What you have to do: Would you return the lines between the one holding "上龙 480丸补肾阳腰膝酸软男性怕冷尿频肾虚男补品 桂附地黄丸" and the one holding "Bronze, dunkelbraun patiniert, 1956.", inclusive, and only those, exactly as they stand in the listing below?

Information shown:
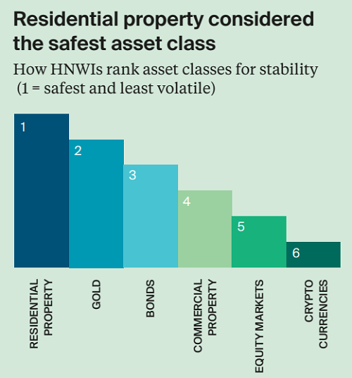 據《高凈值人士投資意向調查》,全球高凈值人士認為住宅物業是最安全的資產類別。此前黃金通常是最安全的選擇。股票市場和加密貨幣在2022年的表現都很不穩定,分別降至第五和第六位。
* * *
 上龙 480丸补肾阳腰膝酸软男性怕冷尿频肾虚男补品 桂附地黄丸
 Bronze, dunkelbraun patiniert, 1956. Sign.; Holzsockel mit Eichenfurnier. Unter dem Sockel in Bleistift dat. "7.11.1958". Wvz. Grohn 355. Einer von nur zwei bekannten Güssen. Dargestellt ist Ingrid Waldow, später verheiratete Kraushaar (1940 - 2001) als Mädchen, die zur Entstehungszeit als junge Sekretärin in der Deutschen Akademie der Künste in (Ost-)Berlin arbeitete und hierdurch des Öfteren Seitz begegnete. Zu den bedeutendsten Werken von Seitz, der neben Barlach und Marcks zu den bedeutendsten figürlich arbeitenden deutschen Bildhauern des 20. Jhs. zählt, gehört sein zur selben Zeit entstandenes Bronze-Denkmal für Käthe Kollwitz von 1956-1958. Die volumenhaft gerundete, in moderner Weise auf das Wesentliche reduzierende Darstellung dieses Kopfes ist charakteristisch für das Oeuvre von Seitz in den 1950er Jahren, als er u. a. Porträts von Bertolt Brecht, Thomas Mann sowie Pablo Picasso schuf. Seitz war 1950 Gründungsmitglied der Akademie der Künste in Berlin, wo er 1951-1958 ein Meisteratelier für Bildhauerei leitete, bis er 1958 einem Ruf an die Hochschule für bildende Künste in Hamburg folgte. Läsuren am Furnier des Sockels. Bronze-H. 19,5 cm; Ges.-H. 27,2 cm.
* * *
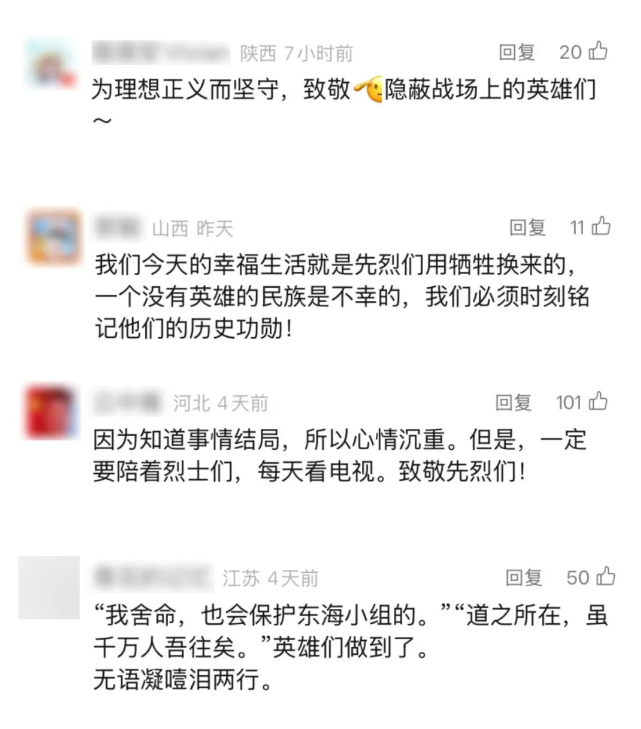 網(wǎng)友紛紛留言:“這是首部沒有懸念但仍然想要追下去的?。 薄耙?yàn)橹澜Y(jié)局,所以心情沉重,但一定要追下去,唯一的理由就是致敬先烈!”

Response area:
 上龙 480丸补肾阳腰膝酸软男性怕冷尿频肾虚男补品 桂附地黄丸
 Bronze, dunkelbraun patiniert, 1956. Sign.; Holzsockel mit Eichenfurnier. Unter dem Sockel in Bleistift dat. "7.11.1958". Wvz. Grohn 355. Einer von nur zwei bekannten Güssen. Dargestellt ist Ingrid Waldow, später verheiratete Kraushaar (1940 - 2001) als Mädchen, die zur Entstehungszeit als junge Sekretärin in der Deutschen Akademie der Künste in (Ost-)Berlin arbeitete und hierdurch des Öfteren Seitz begegnete. Zu den bedeutendsten Werken von Seitz, der neben Barlach und Marcks zu den bedeutendsten figürlich arbeitenden deutschen Bildhauern des 20. Jhs. zählt, gehört sein zur selben Zeit entstandenes Bronze-Denkmal für Käthe Kollwitz von 1956-1958. Die volumenhaft gerundete, in moderner Weise auf das Wesentliche reduzierende Darstellung dieses Kopfes ist charakteristisch für das Oeuvre von Seitz in den 1950er Jahren, als er u. a. Porträts von Bertolt Brecht, Thomas Mann sowie Pablo Picasso schuf. Seitz war 1950 Gründungsmitglied der Akademie der Künste in Berlin, wo er 1951-1958 ein Meisteratelier für Bildhauerei leitete, bis er 1958 einem Ruf an die Hochschule für bildende Künste in Hamburg folgte. Läsuren am Furnier des Sockels. Bronze-H. 19,5 cm; Ges.-H. 27,2 cm.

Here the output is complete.